---------- Collected data ----------
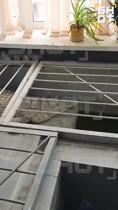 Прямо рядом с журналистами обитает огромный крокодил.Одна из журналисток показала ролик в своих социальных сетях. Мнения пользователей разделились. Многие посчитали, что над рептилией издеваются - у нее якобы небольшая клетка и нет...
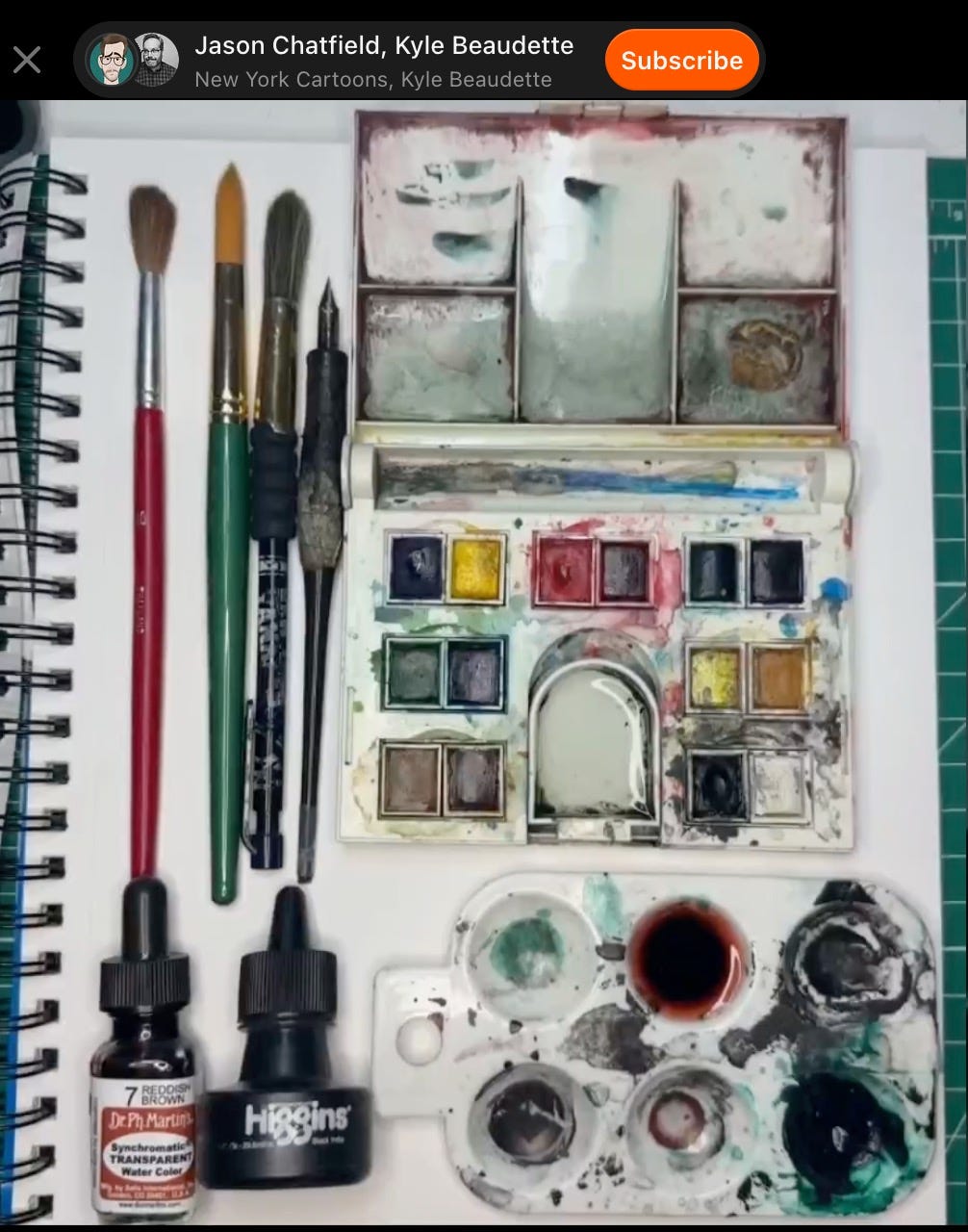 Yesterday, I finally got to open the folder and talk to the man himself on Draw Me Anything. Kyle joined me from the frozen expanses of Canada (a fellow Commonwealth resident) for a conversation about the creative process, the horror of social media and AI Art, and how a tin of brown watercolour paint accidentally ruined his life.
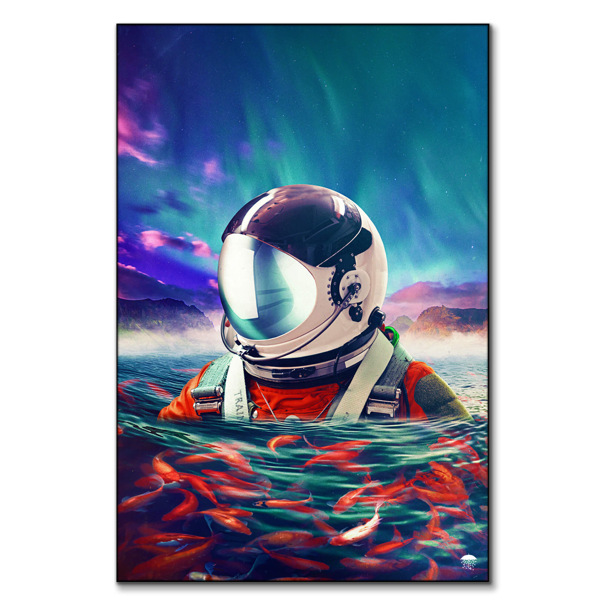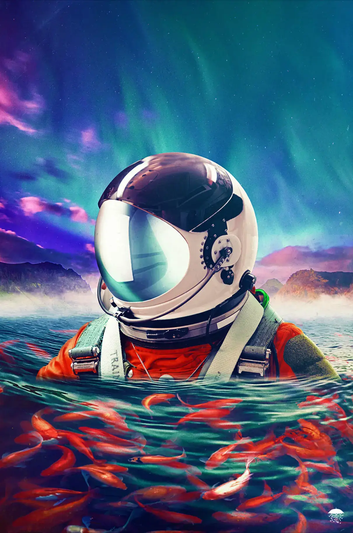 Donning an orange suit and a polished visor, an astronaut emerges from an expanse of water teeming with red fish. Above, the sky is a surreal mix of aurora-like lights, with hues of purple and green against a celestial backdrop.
----------
## About this task
Restate each line from the start of the listing through the line bearing "Yesterday, I finally" word for word. Drop the pictures.

## Response to the exercise
 Прямо рядом с журналистами обитает огромный крокодил.Одна из журналисток показала ролик в своих социальных сетях. Мнения пользователей разделились. Многие посчитали, что над рептилией издеваются - у нее якобы небольшая клетка и нет...
 Yesterday, I finally got to open the folder and talk to the man himself on Draw Me Anything. Kyle joined me from the frozen expanses of Canada (a fellow Commonwealth resident) for a conversation about the creative process, the horror of social media and AI Art, and how a tin of brown watercolour paint accidentally ruined his life.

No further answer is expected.